Me gustaría hacerlo con mis amigos, o con ella, pero es pedir lo imposible.

DILERMArtins dijo...

Mas bah, guri.
O jazz é minha tilha sonora...
Desejo muitos sonhos e realizações em 2010.

Troglo Jones dijo...

Feliz Año Nuevo, Félix, con mucho jazz. Y no remuevas lo de la música contemporanea, que la carga el diablo, o la Guardia Civil, en su defecto.

Abrazos.

Hector Aguilera S. dijo...

Félix, creo que el jazz no es para la masa, es una música especial, para una élite de personas con una sensibilidad especial, para entender y ser capaces de percibir la esencia de este arte musical.
Un feliz año 2010 y éxito en lo que emprendas.

Tony· dijo...

"Para entender y ser capaces de percibir la esencia de este arte musical"...con toda su majestuosa sensibilidad y vastísima experiencia respondame porfavor...¿Cuál es la esencia del jazz?

Yo tengo tres años de tocar el saxofón tenor, cuatro escuchando jazz no porque no me agrade otro genero, sino porque éste satisface mis necesidades mejor que cualquier otro.

Me atrevo a escribir, que la esencia del jazz es la LIBERTAD, para esucharlo, para tocarlo y para tenerlo como estilo de vida.

Francamente estoy muy en contra de la toxina que poco a poco esta convirtiendo al jazz "en música de élite"...

Decir que el jazz es música de élite y para la élite atenta contra su universalismo, es como decir, "es música de negros", "es música de intelectuales"...es seguir azuzando la fogata de prejuicios.

Yo vivo en un país tercermundista, estudio área cuatro, es decir, artes y humanidades, en el sistema incorporado a la UNAM y soy de clase media...¿Élite?¿Sensibilidad especial?

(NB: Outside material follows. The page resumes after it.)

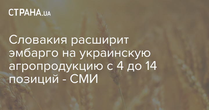 Словакия расширит эмбарго на украинскую агропродукцию с 4 до 14 позиций - СМИ

No creo que sea necesaria ninguna de esas cualidades.

Jamás negaría que es un genero muy complejo: la síncopa constante, la improvisación, las amplísimas libertades expresivas que te ofrecen sensaciones infinitas y mensajes siempre nuevos lo hacen tan especial pero no se necesita tener la sensibilidad de Gustavo Adolfo Becquer ni el intelecto de Georg Hegel
para disfrutarlo y menos con tantos subgéneros,exceptuando el free-jazz (para algunos), pero siempre se puede aprender a escucharlo.

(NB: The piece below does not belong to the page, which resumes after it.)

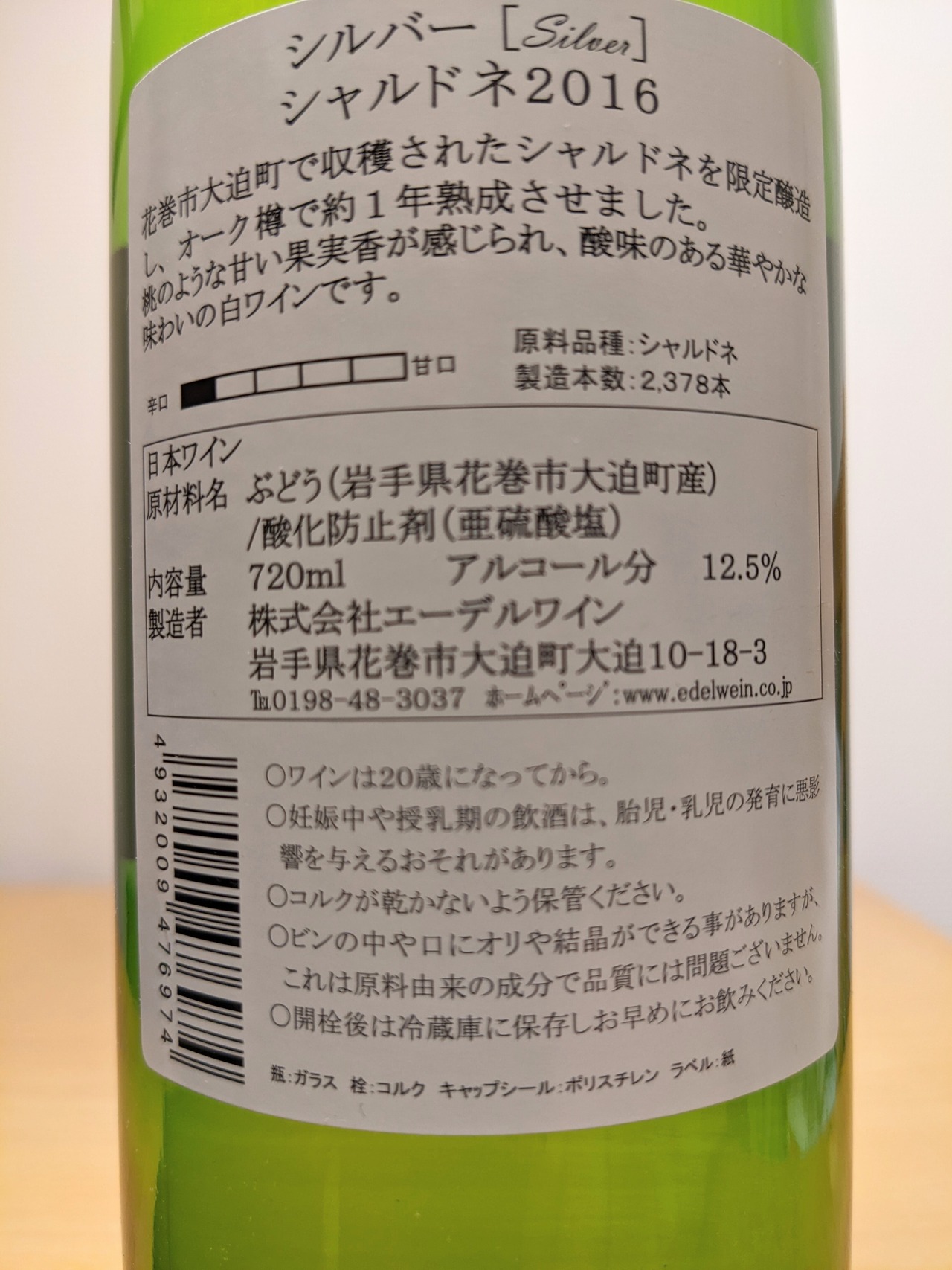 エーデルワイン シルバー シャルドネ2016 蔵出しバックヴィンテージ

El jazz, segun mi muy ingenua opinion, es de todos y para todos. Esta arrinconado así porque la música en general es desgraciadamente un negocio y hace tiempo que el jazz dejó de enriquecer a los medios de comunicación masivos.


No acepto la verborrea del arrogante pequeño-burgués que chilla siempre las mismas palabras..."el jazz es para seres superiores". ¿No será ese, muy inconscientemente, el deseo de sentirse especial escuchando jazz?

¿No será ese el típico cliché del tipo con boina negra, lentes oscuros y una etiqueta pegada en la frente que diga "Me gusta el jazz" mientras truena los dedos al caminar?

¿No es la misma imágen podrida de cualquiera que necesite pertenecer a no se que moda?

Yo creo que a un poeta verdadero le molesta el cliché del "poeta maldito"...

A mi me molesta el del "bohemio de cafe-bar" como sacado del bodegón de las cebollas y que muy escondido, después de gastar su última gota de saliva hablando de cosas que no entiende para impresionar a sus amigos esnobs, cierra las ventanas y cortinas de su loft a oscuras mientras se encamina a su habitación para al fin encerrarse con llave y ya recostado, con la boina en el piso, muy delicadamente se pone los audifonos y sube el volumen para escuchar, como todas las noches antes de dormir: su disco favorito de Britney Spears.